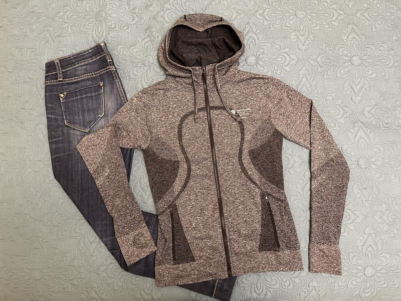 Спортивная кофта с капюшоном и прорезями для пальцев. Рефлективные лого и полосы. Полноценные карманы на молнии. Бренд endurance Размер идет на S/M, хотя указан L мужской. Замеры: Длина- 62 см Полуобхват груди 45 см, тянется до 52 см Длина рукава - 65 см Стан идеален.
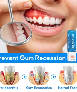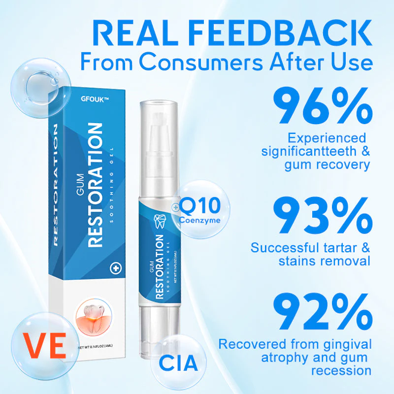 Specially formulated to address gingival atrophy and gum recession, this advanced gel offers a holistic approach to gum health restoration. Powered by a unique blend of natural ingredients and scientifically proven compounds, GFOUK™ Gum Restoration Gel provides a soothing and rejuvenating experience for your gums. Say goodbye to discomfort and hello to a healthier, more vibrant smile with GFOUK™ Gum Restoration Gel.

---

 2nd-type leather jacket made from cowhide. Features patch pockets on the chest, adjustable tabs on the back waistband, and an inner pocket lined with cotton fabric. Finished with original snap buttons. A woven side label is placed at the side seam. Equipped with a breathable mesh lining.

AIM OF THE TASK: Return the stretch of data that begins with the line showing "Спортивная кофта с" and goes on through the line showing "Specially formulated to", exactly, with pictures removed.

RESPONSE FOR THIS EXERCISE:
 Спортивная кофта с капюшоном и прорезями для пальцев. Рефлективные лого и полосы. Полноценные карманы на молнии. Бренд endurance Размер идет на S/M, хотя указан L мужской. Замеры: Длина- 62 см Полуобхват груди 45 см, тянется до 52 см Длина рукава - 65 см Стан идеален.
 Specially formulated to address gingival atrophy and gum recession, this advanced gel offers a holistic approach to gum health restoration. Powered by a unique blend of natural ingredients and scientifically proven compounds, GFOUK™ Gum Restoration Gel provides a soothing and rejuvenating experience for your gums. Say goodbye to discomfort and hello to a healthier, more vibrant smile with GFOUK™ Gum Restoration Gel.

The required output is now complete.